Recently, the artist began a speaking tour that brought him to Yale and Princeton universities. Yale University Press published a book on the Westegaard’s cartoon and its effect. It did so without including the image that sparked all the controversy. At Yale, the artist was refused permission to project his cartoon onto a screen while he delivered his remarks. Instead, Yale assured Westegaard his cartoon would be shown in a separate room “so that students who do not want to see it, do not have to see it.” The brave Yale authorities never provided the room in which to display the drawing.

According to the Brussels Journal, Yale’s Muslim chaplain Omer Bajwa claimed Westergaard’s visit was part of a plot hatched by Dutch Member of Parliament Geert Wilders and American scholar Daniel Pipes. Wilders, as you may recall from a previous post to this blog, is also a Dutchman living under threat of death by fanatical soldiers of the “religion of peace.”

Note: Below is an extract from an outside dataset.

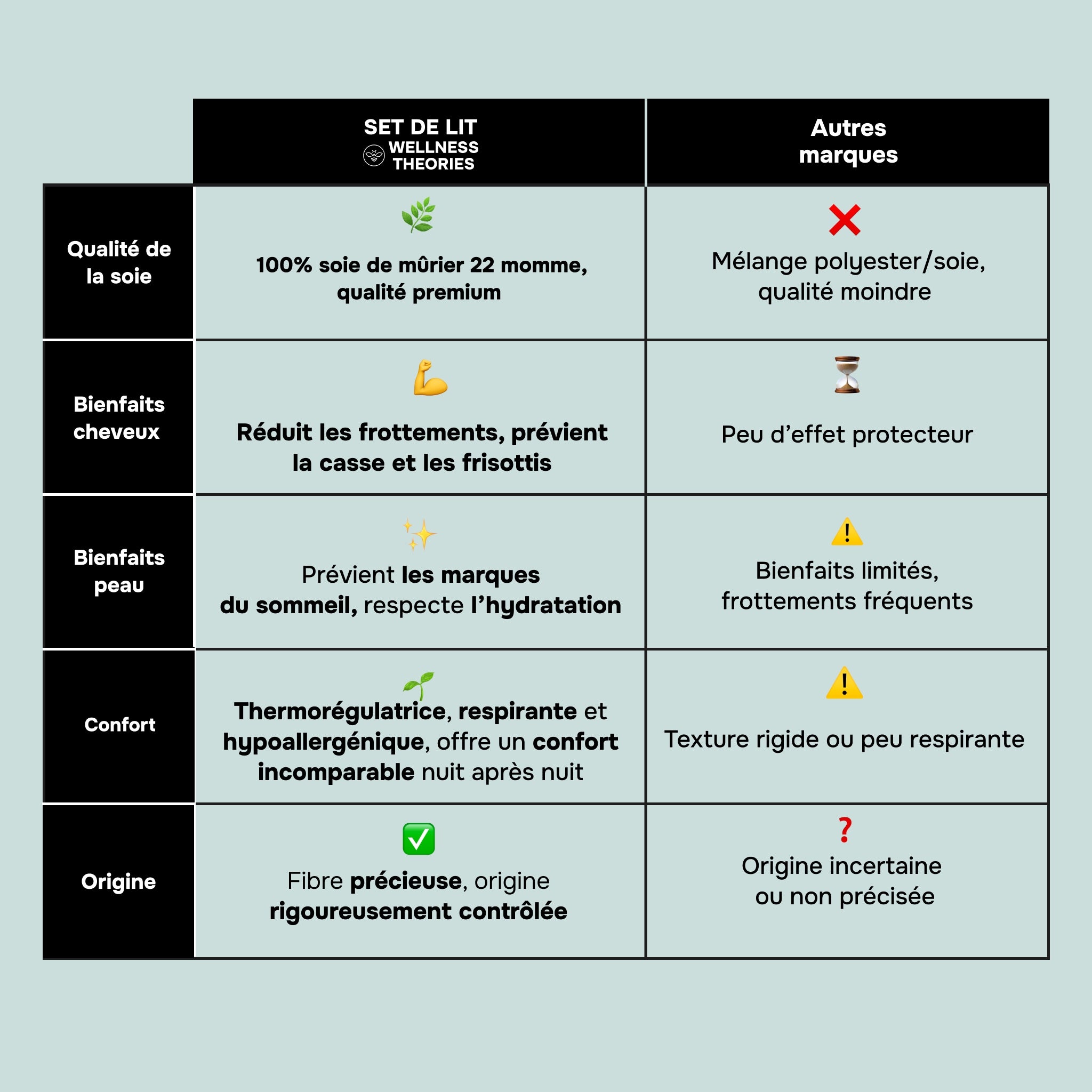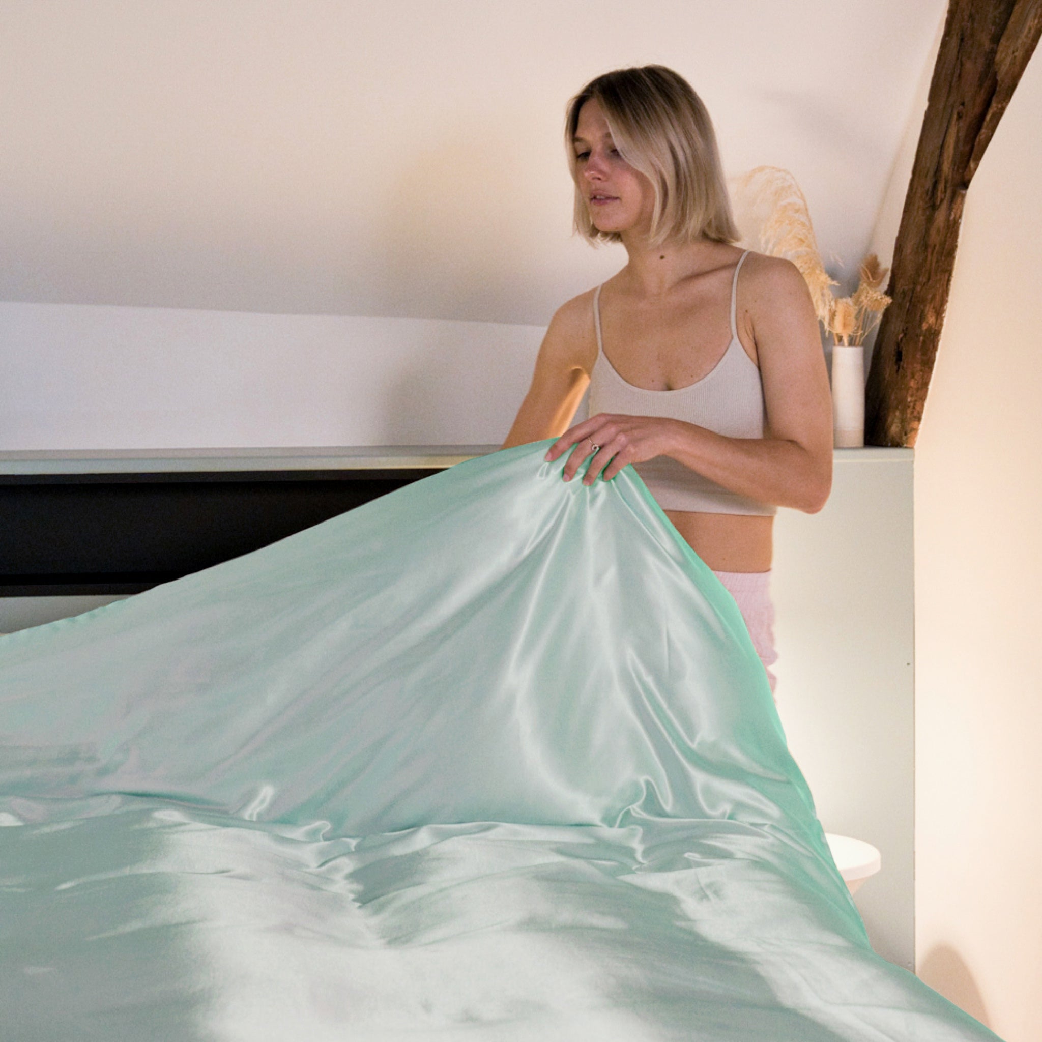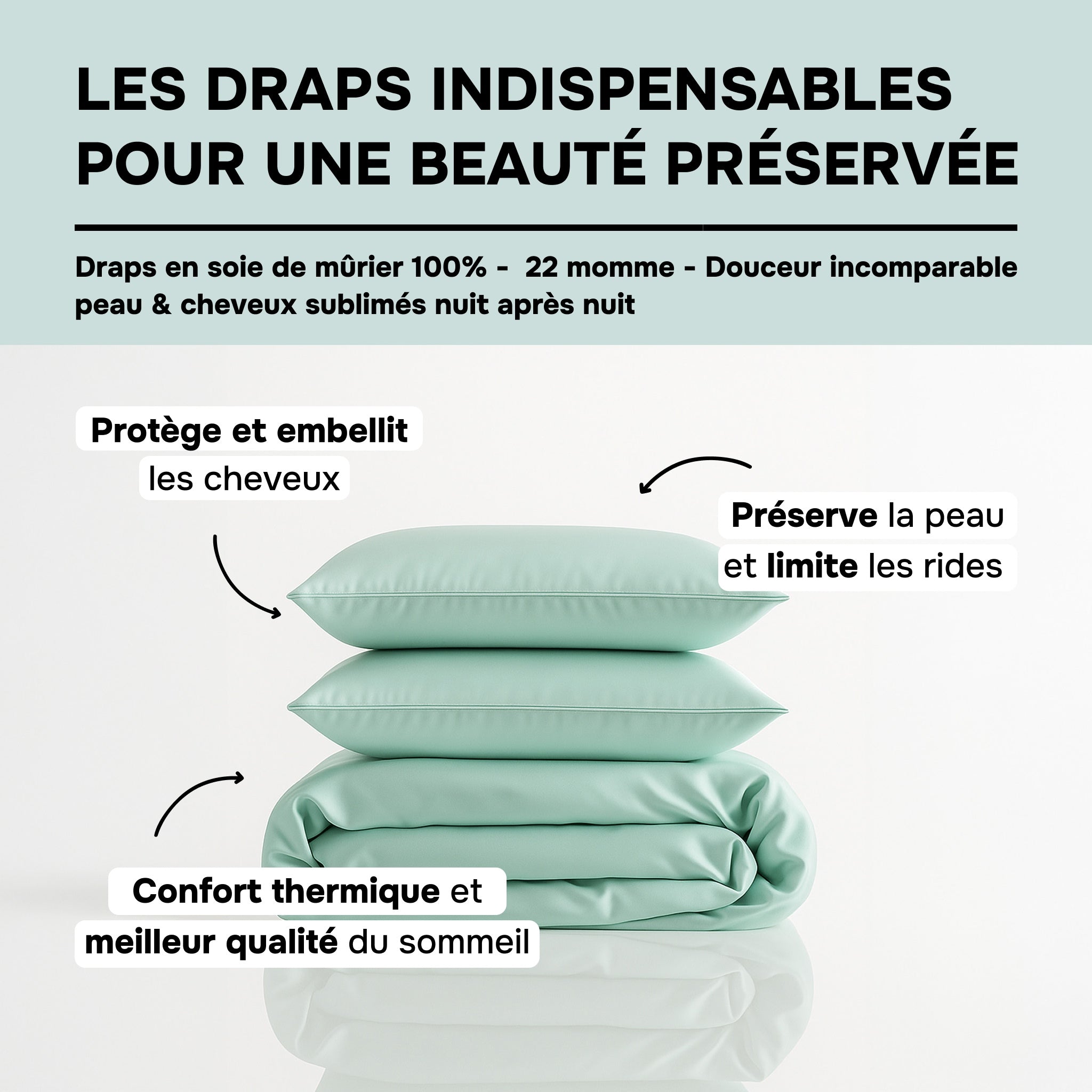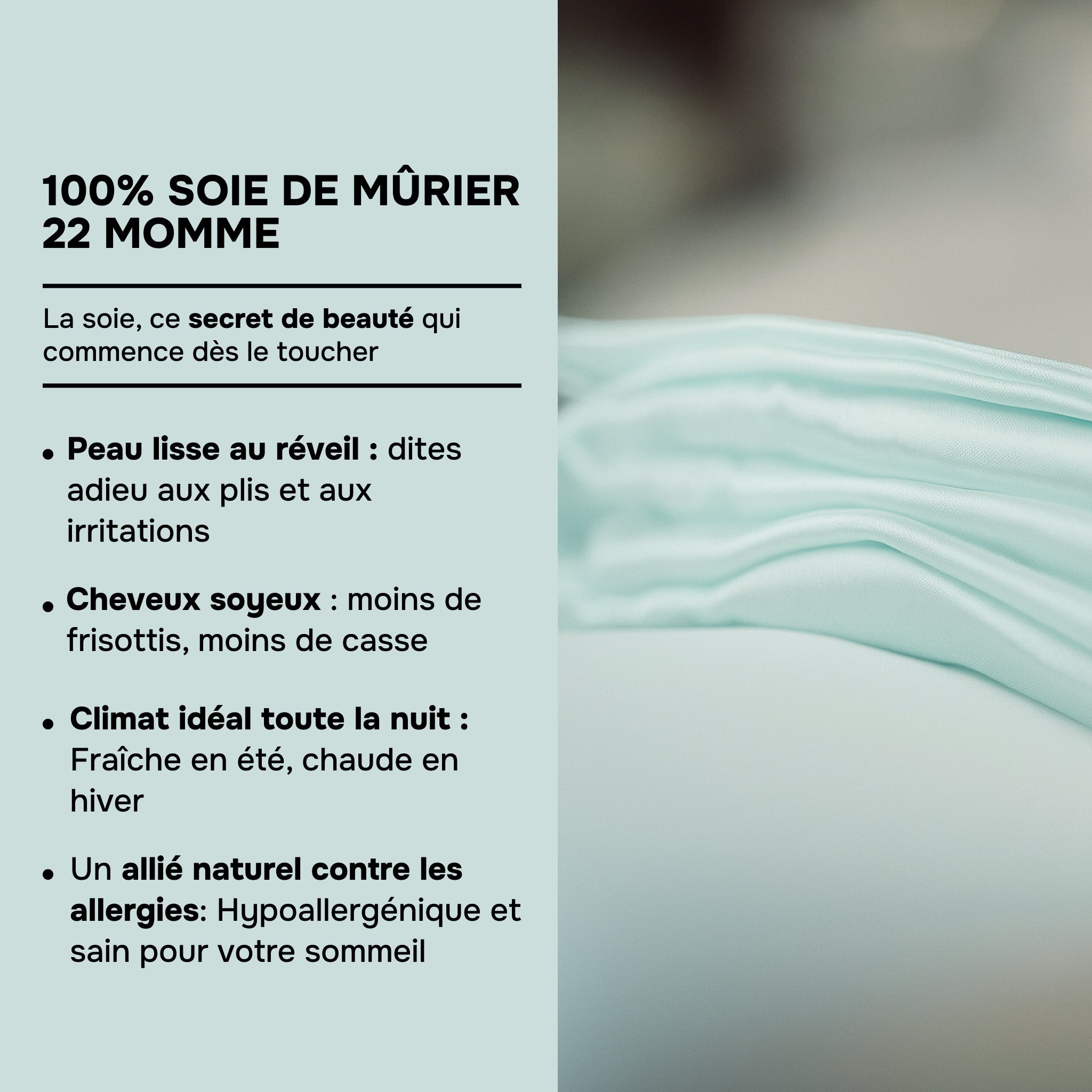 Who is it for? People looking for exceptional sleep and royal comfort, while taking care of their skin and hair. This complete bedding set made from 100% natural 22 momme mulberry silk is ideal for those who want to limit friction, preserve skin and hair moisture, and avoid sleep marks. Perfect for sensitive skin and fragile hair, it transforms every night into a luxurious experience, with a silky, thermoregulating, and hypoallergenic feel.

During the question and answer phase to Westegaard’s Yale visit, a student – proving how successful today’s universities are at transmitting cowardly nihilism – told the artist, “You feel unsafe today, which is unfortunate, but you should realize that your presence here today has made thousands of other people feel unsafe.” This student’s parents can be proud knowing the $50,000 tuition they paid Yale closed their child’s mind to the obvious: that Islamic fanatics who murder women and children, writers, musicians, politicians, artists, Jews and anyone else who refuses to conform to their narrow, barbaric and primitive worldview — pose a far greater threat to our otherwise tranquil lives than do cartoonists.

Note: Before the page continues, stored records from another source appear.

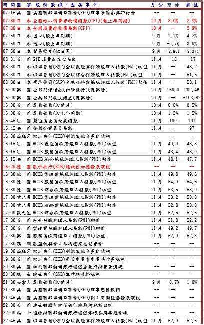 隨著德國聯邦統計局公布 10 月生產者物價指數 (PPI) 較前月漲 0.1% 及較上年同期跌 1.8%,通貨膨脹略高於預期,並據德國央行 (Bundesbank) 在月度報告表示,得益於服務業推動經濟擴張及疲弱的工業部門趨於穩定,德國經濟今年第四季可能溫和增長,而且歐洲央行 (ECB) 管理委員會委員馬赫盧夫稱,只有前景發生實質變化才會支持降息,提振歐元兌美元至 1.1549 高點。預估今日歐元兌美元阻力於 1.1535-55,支撐於 1.1450-70。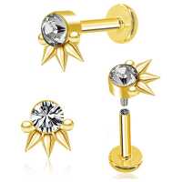 This stunning gold plated spiky steel body piercing jewelry design is gorgeous to wear as a labret piercing, flat piercing as well as lip piercing jewelry. Discover this and many more steel body jewelry designs in our wholesale steel piercing collection at affordable prices.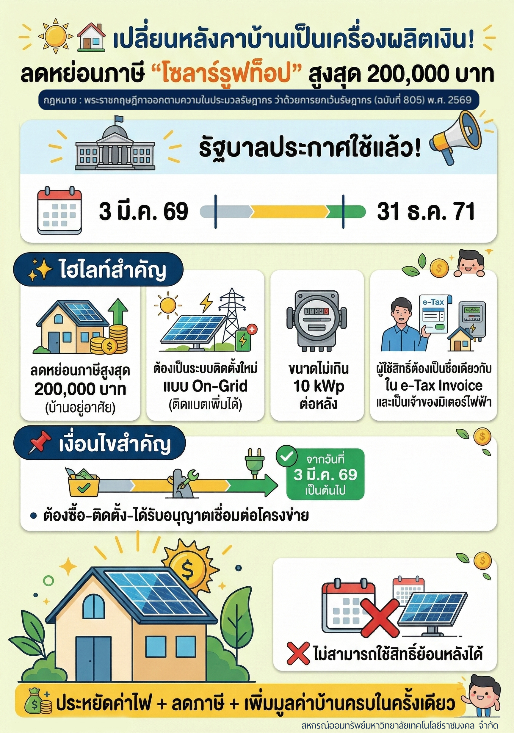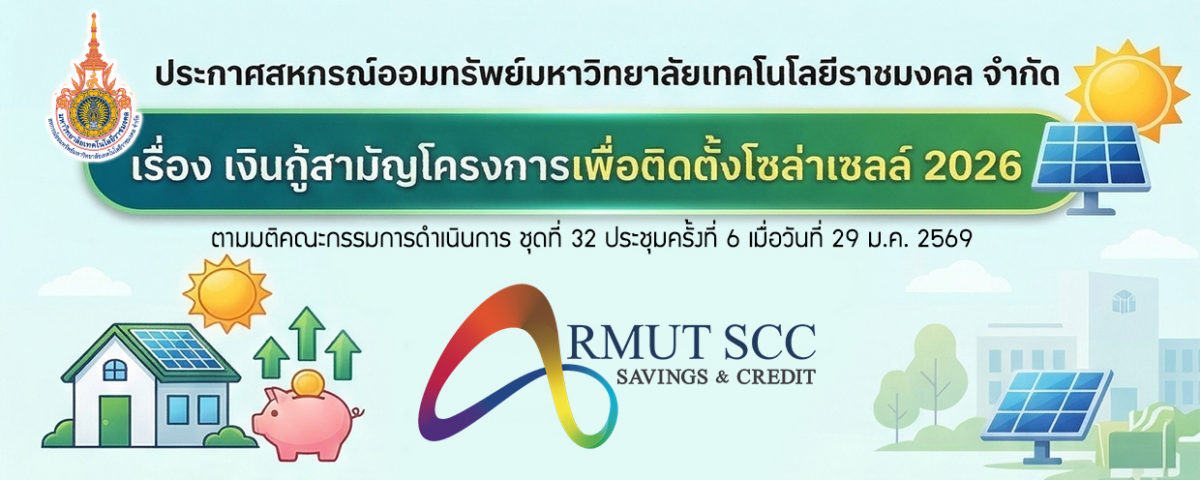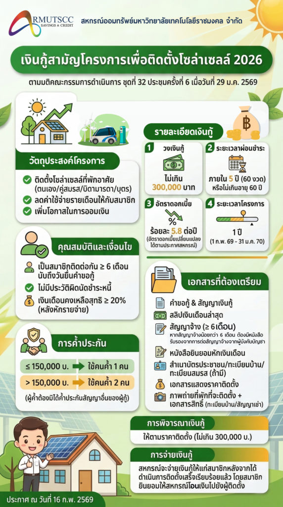 ประกาศ สหกรณ์ออมทรัพย์มหาวิทยาลัยเทคโนโลยีราชมงคล จำกัด เรื่อง เงินกู้สามัญโครงการเพื่อติดตั้งโซล่าเซลล์ 2026
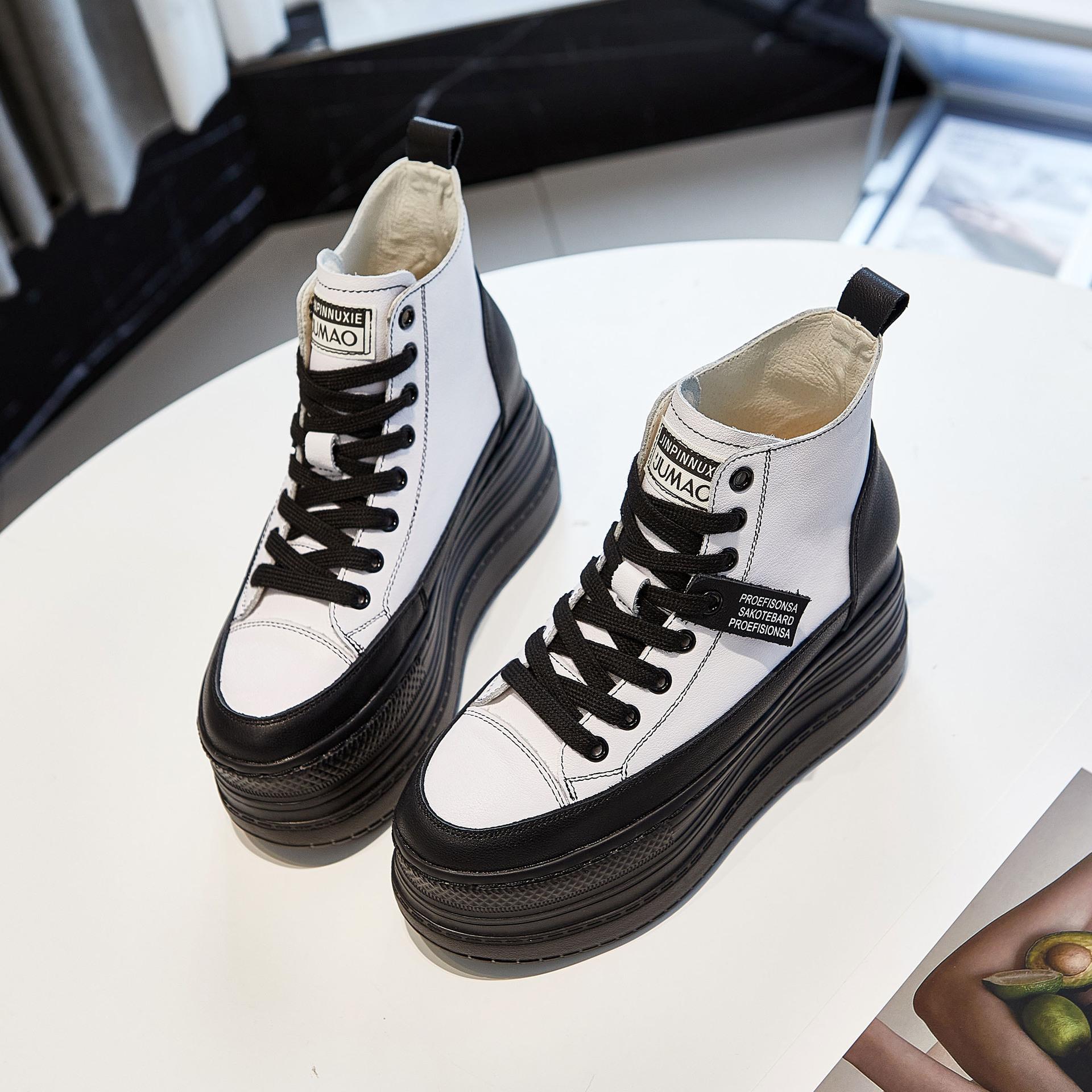 Весенний новый стиль, модная универсальная повседневная женская обувь с высоким берцем высотой 9 см, чистый белый цвет, трендовая 38 чёрный

The thousands of American’s who died on and since 9/11 make it difficult to step back and see the profound absurdity of an enemy our crumbling Western World fears and seeks to accommodate. The violent reaction by deranged Islam to Westegaard’s cartoon is tantamount to maddened mallards threatening the life of Daffy Duck’s creator Chuck Jones. With several plots to kill Westegaard foiled, the continuing fervor to murder the cartoonist proves what daffy and odd ducks jihadists truly are.